The long road to justice: Since the investigation into the August 4 explosion began two years ago, it has constantly faced opposition from the country’s politicians who, ironically, promised that anyone involved would be punished. I wrote about the investigation two years later and if Lebanon will ever see justice for the blast.

A glimmer of hope: On the second anniversary of the port explosion, hundreds of people marched throughout Beirut to commemorate the tragic day.

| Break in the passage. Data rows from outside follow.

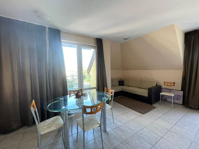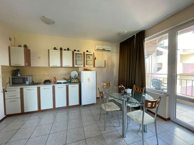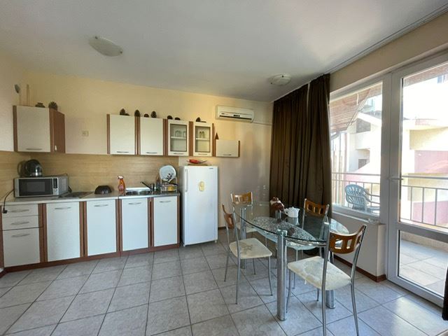 Двустаен апартамент в комплекс на Слънчев бряг предлага уютно и функционално пространство, включващо дневна с кухня и трапезария, една спалня, баня с тоалетна и две тераси. Това комфортно жилище с площ 59 кв. м. е напълно оборудвано с всичко необходимо за удобен живот, включително кухненски бокс с уреди, мебели за дневната и спалнята, както и климатик за комфортен климат. Наличието на две тераси ви позволява да се наслаждавате на свежия въздух и гледката към комплекса и парка, което създава уютна атмосфера за отдих. Разположен на Слънчев бряг, комплексът предлага редица удобства, включително зелени площи, паркинг, плувен басейн и места за релакс. Този апартамент би могъл да бъде чудесен вариант за инвестиция, тъй като имотите в Слънчев бряг са популярни сред туристите и постоянно пребиваващите.
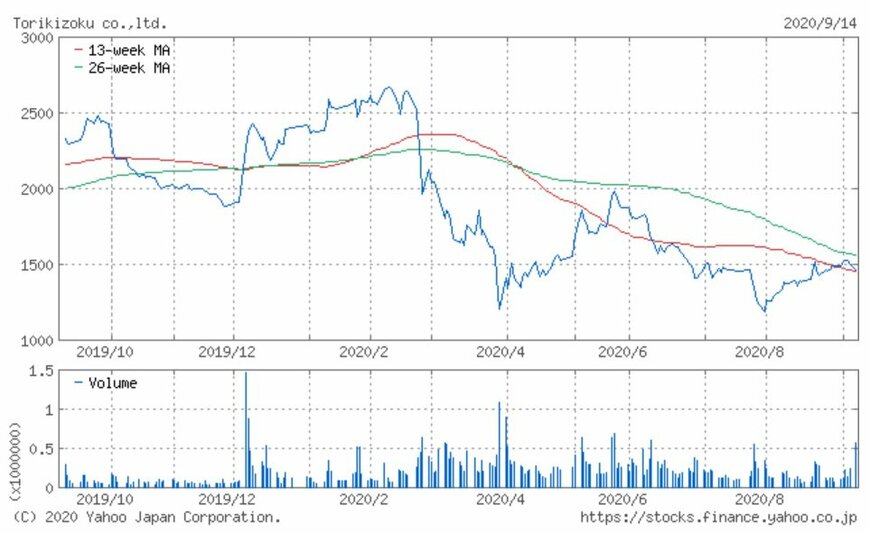 シリーズでお伝えしている「注目小売店月次実績」。今回は焼鳥チェーン店「鳥貴族」を運営する鳥貴族(3193)の、2020年8月の月次動向及び過去実績、また過去1年の株価動向について振り返ってみましょう。
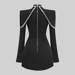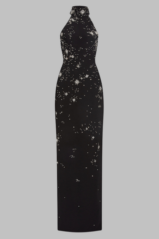 Crystal Starburst Halter Long Dress with Side Slit and High Neck Embellishment
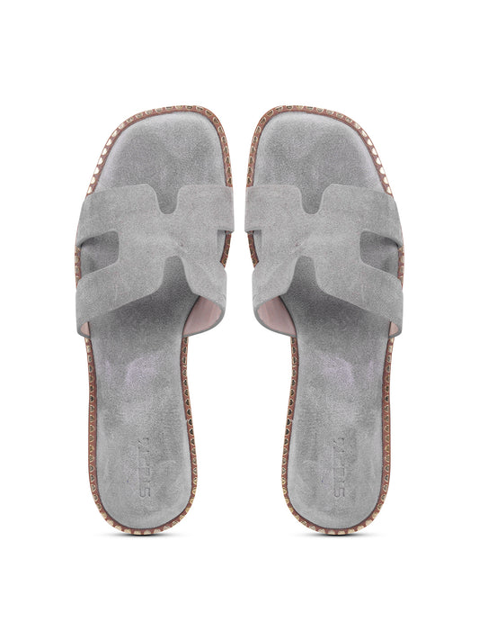 Urban Chic Light Grey H-Strap Slip-On Sandals for Women
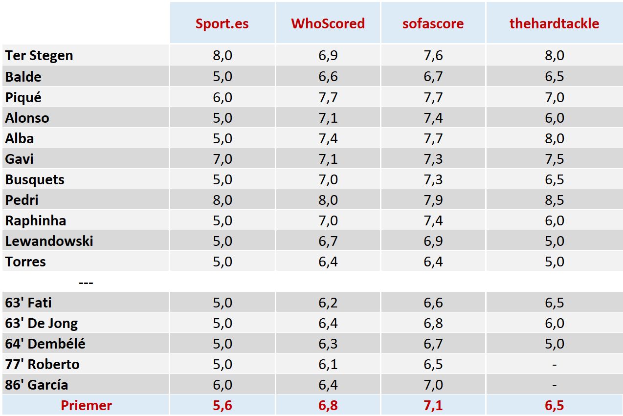 Hodnotenie hráčov bolo zostavené podľa nasledovného kľúča -> do úvahy sme brali 2 subjektívne zdroje: hodnotenie portálu thehardtackle.com a hodnotenie katalánskeho denníka Sport a potom hodnotenie dvoch štatistických portálov Whoscored.com a sofascore.com. Pri každom hráčovi je priemer známok z týchto 4 zdrojov s komentárom portálu thehardtackle.com. Kompletné čísla nájdete v tabuľke na konci článku.
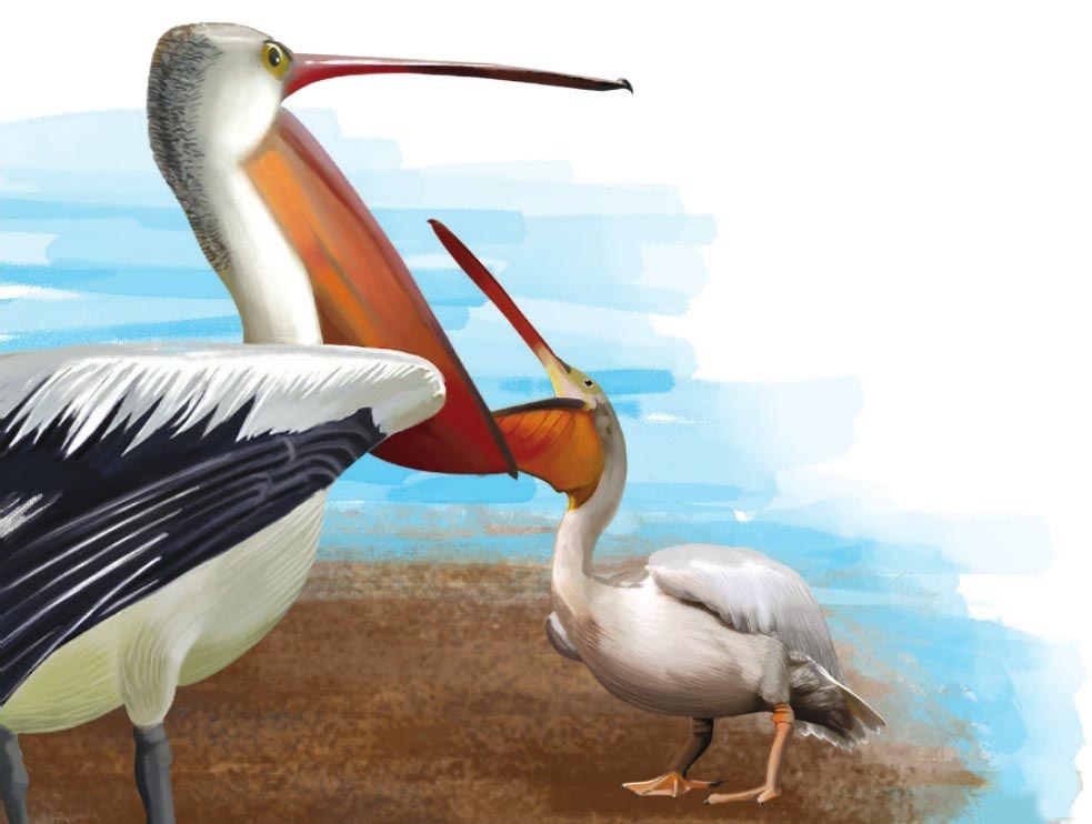 小鹈鹕刚出生的时候,鹈鹕妈妈将食物吐在巢中,供它们食用。等小鹈鹕稍长大一些,鹈鹕妈妈则让小鹈鹕把嘴伸到自己的嘴里或食道中直接取食半消化的食物。

While little has changed in that time, NOW’s Dana Hourany saw a small glimmer of light at the end of the tunnel.

In poor taste: The anniversary of a horrific day such as August 4 should be treated with a light hand.

With over 200 dead, thousands injured physically and an incalculable number of people damaged psychologically, it is a day that should be given the gravity and respect that such a somber day requires.

Apparently, not everyone understood that as there was a photo shoot of a model in makeup that made her look like she was injured in the explosion while she looked out onto the port.

It is easy to see what they were going for with the shoot, but it is safe to say that this idea should have been scrapped as soon as it was brought up.

Podcasts: On International Justice Day, Ronnie Chatah and others sat down at Station Beirut to discuss what justice looks like in Lebanon, as well as what it should look like. For the latest episode of the Beirut Banyan, Chatah brings that conversation to you.